* Work instructions: Beginning with the line containing "新修订的《中华人民共和国职业" and ending at the last line of the data, set down every line exactly, leaving out all pictures.

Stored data
· · · · · · ·
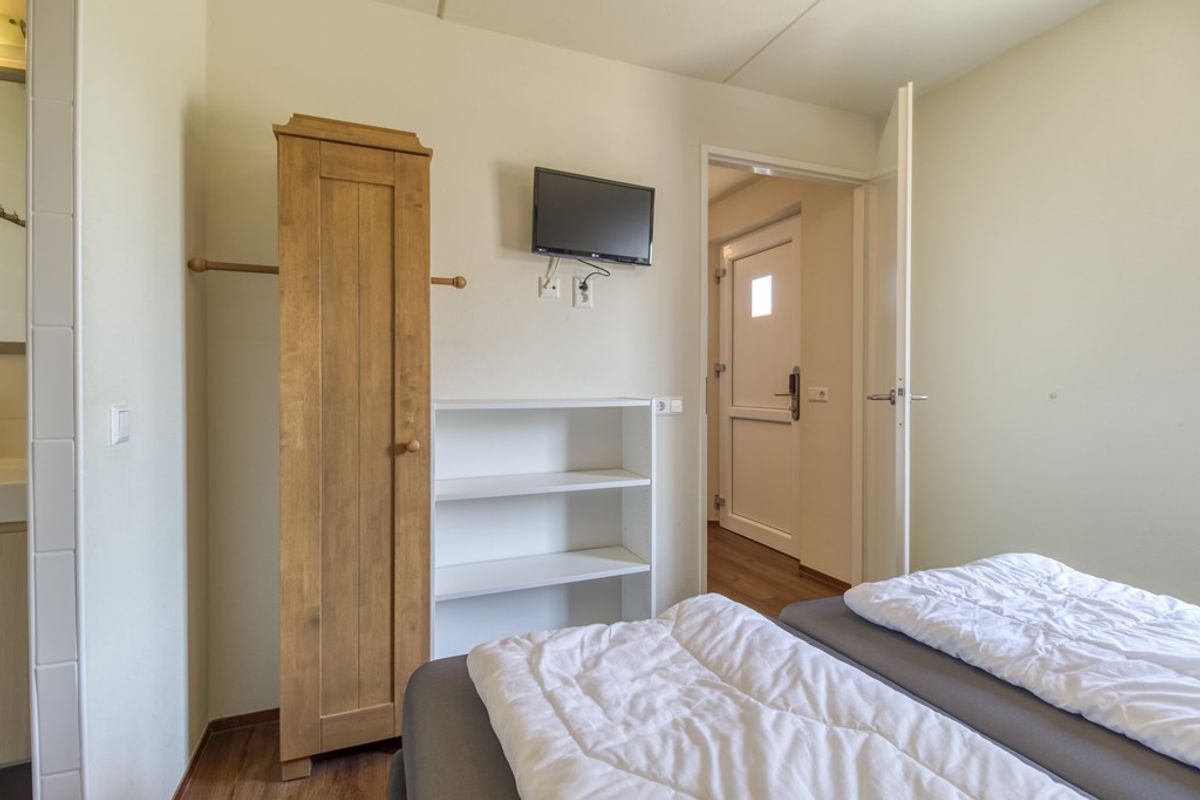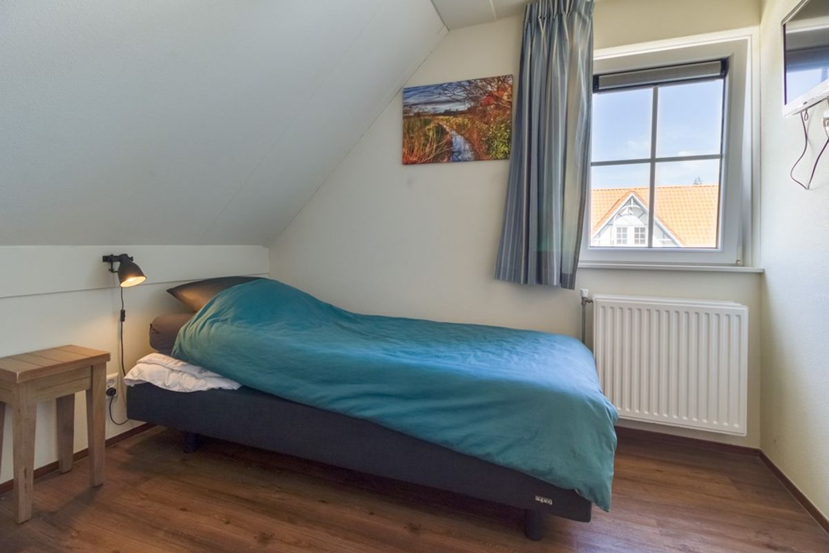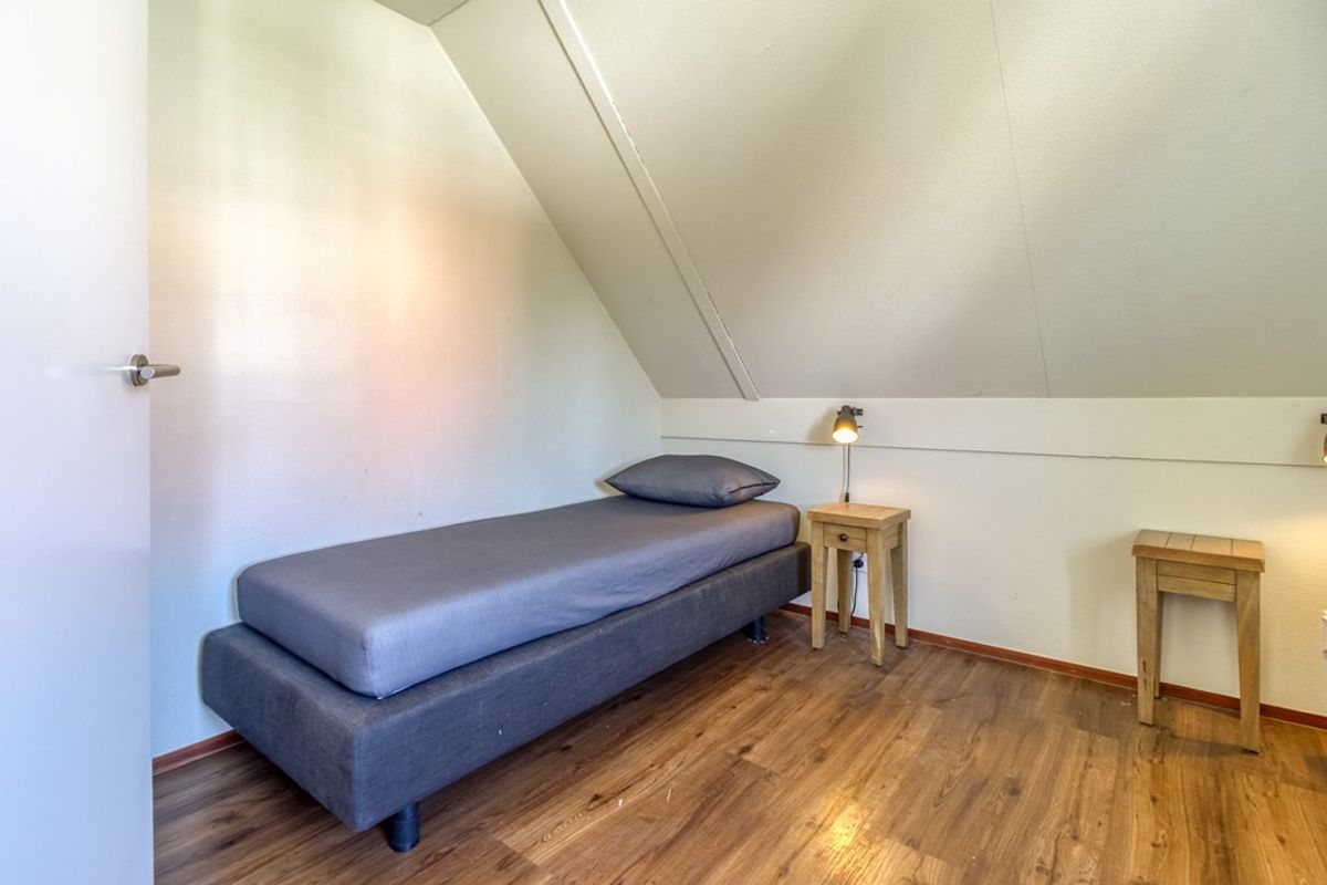 Aangrenzend aan de keuken is er een bijkeuken/berging. Hier hangt de verwarmingsketel, is er een wasmachine-aansluiting en een buitendeur die uitkomt aan de zijkant van de woning. De berging is voldoende groot voor het opbergen van huishoudelijke spullen. De slaapkamer op de begane grond beschikt over een tweepersoonsbed, een eigen TV en een badkamer ensuite.
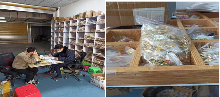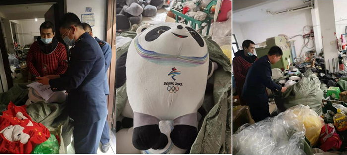 案例五:2021年11月23日,东阳市市场监督管理局根据金华市市场监管局案件线索依法对浙江凝**服装有限公司进行检查,发现该公司生产车间内堆放有自己生产的北京冬奥会吉祥物标志“”的“冰墩墩”80多个、标志“”“雪容融”半成品1000片。这些侵权产品一部分通过在网络平台的“妃***”网上销售代发产品,还有一部分通过在另一网络平台注册的义乌思*日用品有限公司销售。该案件由北京市公安局石景山分局于2021年12月8日立案,并于2022年1月1日依法拘留两家涉案公司法定代表人。
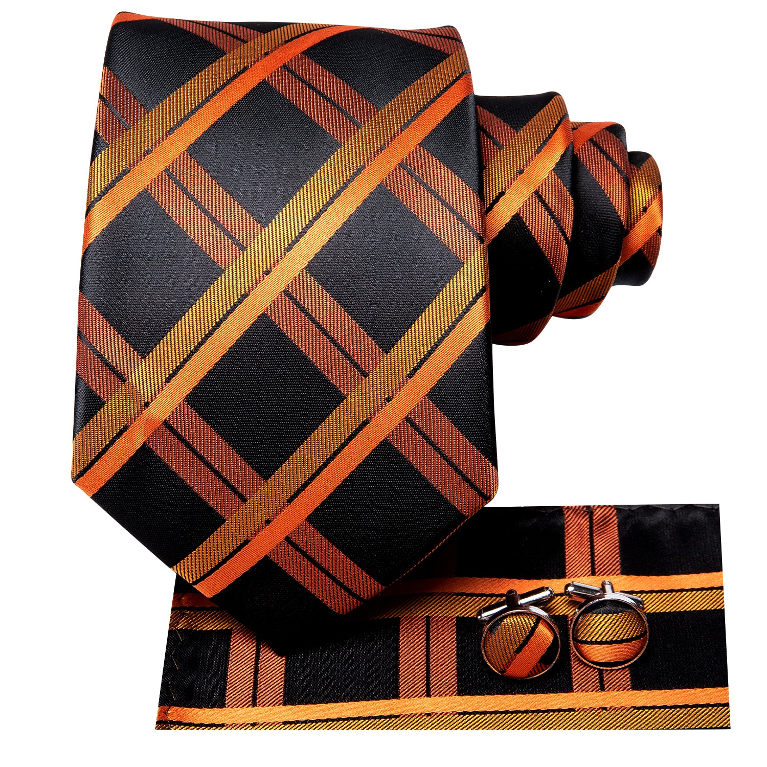 【Package Contains】1Pcs Silk Necktie, 1Pcs Pocket Square, 1Pairs Cufflink; packing with a black box makes the tie set a best gift for men on Valentine's Day, Father's Day, Christmas and New Year
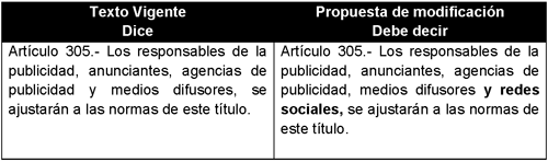 Es por ello que, mediante la presente iniciativa, porpongo que, dentro del artículo 305 de la Ley, se incluya a las redes sociales en el cumplimiento de los preceptos en materia de publicidad que la Ley General de Salud establece.
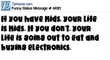 X says If you have kids, your life is kids. If you don't, your life is going out to eat and buying electronics.
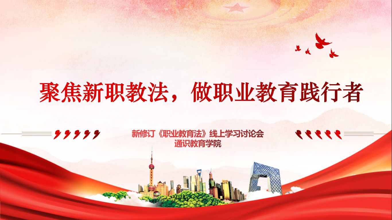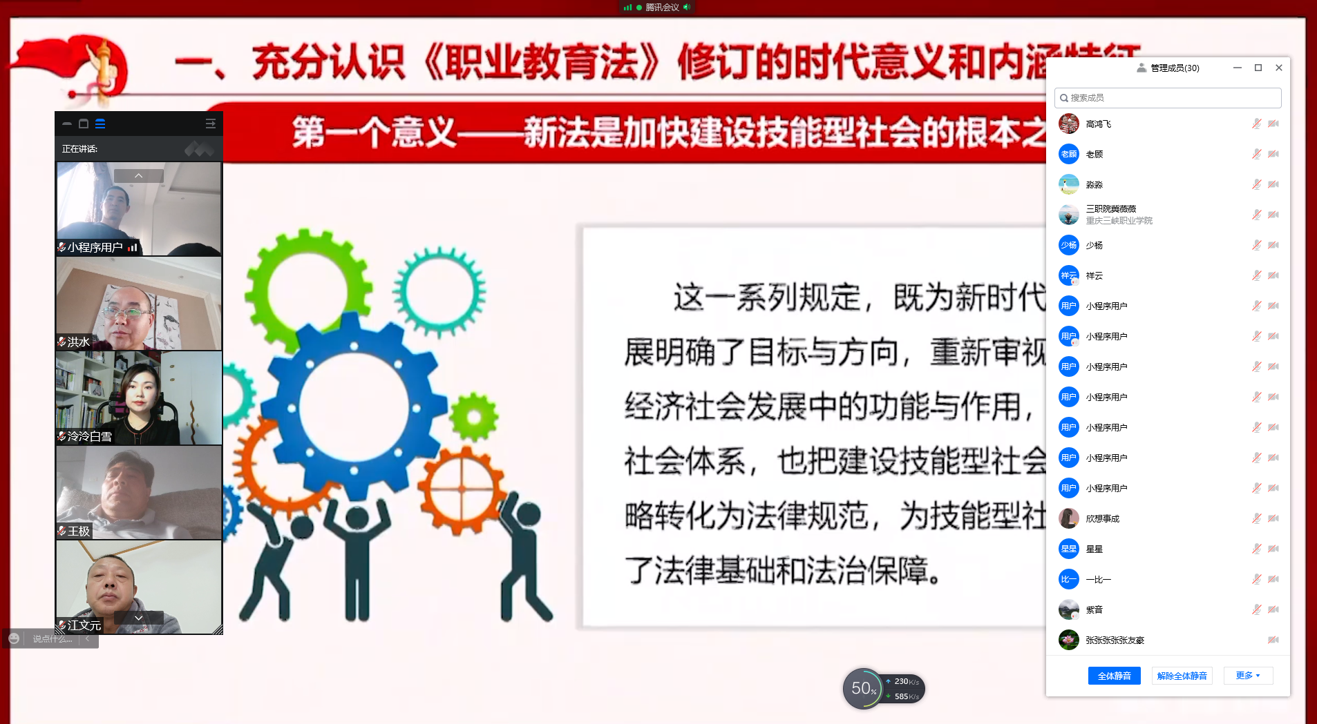 新修订的《中华人民共和国职业教育法》(以下简称“新职教法”)自2022年5月1日起施行。为全面贯彻新修订的《职业教育法》,加快学院高质量发展,金年会app于5月16日晚7点在腾讯会议召开《职业教育法》线上学习讨论会,以加强教职工对职业教育法的理解,明确其修订意义、进一步增强工作信心。会议由金年会app副院长潘雪主持,金年会app全体教职工参会。
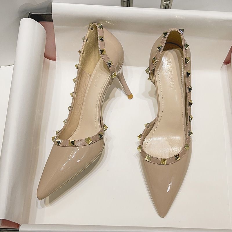 フェアリースタイルリベットハイヒール女性のための 2025 新しいスティレットヒールポインテッドトゥ浅い口セクシーなサイド中空パテントレザーフレンチシューズ
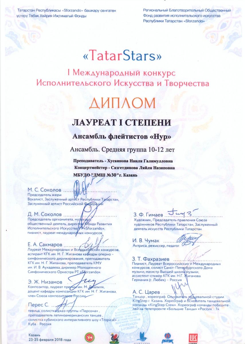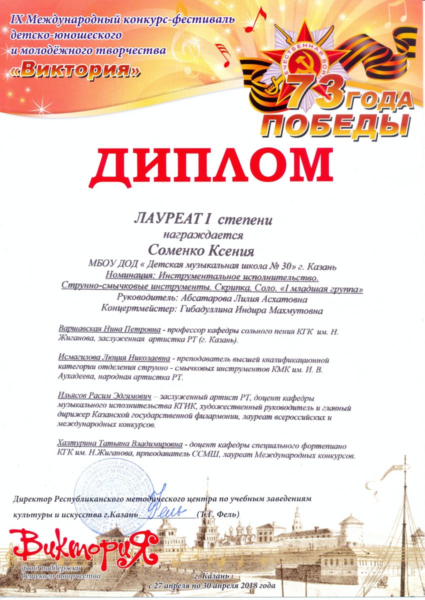 Международный фестиваль-конкурс "VIVAT, KAZAN!" в рамках творческого проекта "Адмиралтейская звезда" - Хабибуллина Карина - диплом I степени
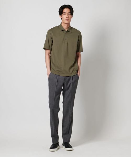 双糸使いにより、上品な艶と柔らかな風合いを実現し、上品な雰囲気のドレスポロシャツに仕上げています。
· · · · · · ·
* Result of the task:
 新修订的《中华人民共和国职业教育法》(以下简称“新职教法”)自2022年5月1日起施行。为全面贯彻新修订的《职业教育法》,加快学院高质量发展,金年会app于5月16日晚7点在腾讯会议召开《职业教育法》线上学习讨论会,以加强教职工对职业教育法的理解,明确其修订意义、进一步增强工作信心。会议由金年会app副院长潘雪主持,金年会app全体教职工参会。
 フェアリースタイルリベットハイヒール女性のための 2025 新しいスティレットヒールポインテッドトゥ浅い口セクシーなサイド中空パテントレザーフレンチシューズ
 Международный фестиваль-конкурс "VIVAT, KAZAN!" в рамках творческого проекта "Адмиралтейская звезда" - Хабибуллина Карина - диплом I степени
 双糸使いにより、上品な艶と柔らかな風合いを実現し、上品な雰囲気のドレスポロシャツに仕上げています。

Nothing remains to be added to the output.